Experimental and modeling study of the combustion of ethyl methyl carbonate, a battery electrolyte

Abstract

Ethyl methyl carbonate (EMC) is one of the main constituents of the electrolyte in lithium-ion batteries (LIBs). To understand better fire events involving LIBs and try to prevent them, the combustion of EMC was studied experimentally, and the results were analyzed using modern detailed kinetics models. Shock tubes were used to collect ignition delay times (IDTs) and CO time histories, while laminar flame speeds were measured in a closed vessel. All experiments were carried out near atmospheric pressure. The shock tube experiments were performed for three equivalence ratios (0.5, 1.0, and 2.0) with the IDTs measured with “fuel-air” mixtures and the CO spectroscopic laser measurements in mixtures highly diluted in 99.25% He/Ar. Comparisons with results obtained for other linear carbonates typically found in LIBs, such as dimethyl carbonate and diethyl carbonate, are also presented.
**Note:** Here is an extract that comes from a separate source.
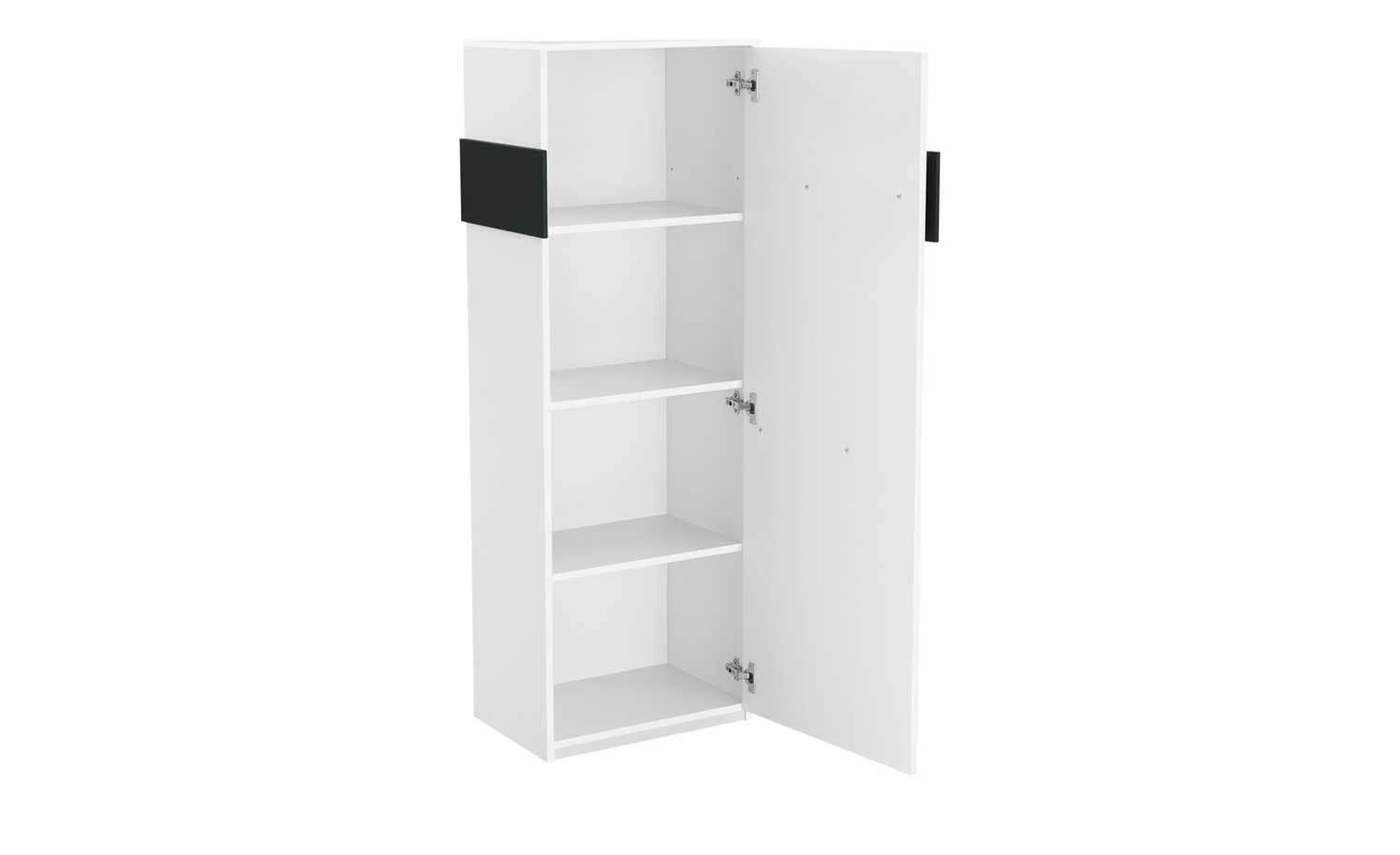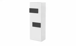 Wie der Name bereits verrät sorgt das Stauraumelement Holly für viel Stauraum. So sorgt es für Ordnung im Kinder- und Jugendzimmer. Dank der Tür ist der Inhalt der Fächer innen vor neugierigen Blicken geschützt. Und auch Staub muss draußen bleiben. Korpus und Front sind mit Melamin beschichtet. Das macht Holly unempfindlich und pflegeleicht. Geometrische Frontabsetzungen geben dem Schrank einen jungen, frechen Look.

Numerical predictions from recent detailed chemical kinetics mechanisms (Takahashi et al., 2022, Grégoire et al., 2023) did not capture well the combustion behavior of EMC in some of our conditions. Sensitivity analyses suggest that EMC decomposition reactions and subsequent combustion chemistry of the formed intermediates, i.e. methanol and ethylene, still need improvement.